Center for Bioinformatics, Saarland Informatics Campus, Saarbrücken 66123, Germany.
Nucleic Acids Res. 2020 Dec 16;48(22):12523-12533. doi: 10.1093/nar/gkaa1125.
Web services are used through all disciplines in life sciences and the online landscape is growing by hundreds of novel servers annually. However, availability varies, and maintenance practices are largely inconsistent. We screened the availability of 2396 web tools published during the past 10 years. All servers were accessed over 133 days and 318 668 index files were stored in a local database. The number of accessible tools almost linearly increases in time with highest availability for 2019 and 2020 (∼90%) and lowest for tools published in 2010 (∼50%). In a 133-day test frame, 31% of tools were always working, 48.4% occasionally and 20.6% never. Consecutive downtimes were typically below 5 days with a median of 1 day, and unevenly distributed over the weekdays. A rescue experiment on 47 tools that were published from 2019 onwards but never accessible showed that 51.1% of the tools could be restored in due time. We found a positive association between the number of citations and the probability of a web server being reachable. We then determined common challenges and formulated categorical recommendations for researchers planning to develop web-based resources. As implication of our study, we propose to develop a repository for automatic API testing and sustainability indexing.

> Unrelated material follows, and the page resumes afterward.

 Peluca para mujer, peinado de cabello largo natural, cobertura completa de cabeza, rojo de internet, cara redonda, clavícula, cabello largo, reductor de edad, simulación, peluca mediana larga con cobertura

网络服务在生命科学的各个学科中都有应用,并且每年都有数百个新的服务器在网络环境中涌现。然而,其可用性各不相同,维护方式也很大程度上不一致。我们筛选了过去10年中发布的2396个网络工具的可用性。所有服务器在133天内被访问,318668个索引文件存储在本地数据库中。可访问工具的数量几乎随时间呈线性增加,2019年和2020年的可用性最高(约90%),2010年发布的工具可用性最低(约50%)。在133天的测试期内,31%的工具始终可用,48.4%偶尔可用,20.6%从未可用。连续停机时间通常低于5天,中位数为1天,且在工作日分布不均。对2019年以后发布但从未可访问的47个工具进行的救援实验表明,51.1%的工具可以及时恢复。我们发现引用次数与网络服务器可访问的概率之间存在正相关。然后,我们确定了常见挑战,并为计划开发基于网络资源的研究人员制定了分类建议。作为我们研究的启示,我们建议开发一个用于自动API测试和可持续性索引的存储库。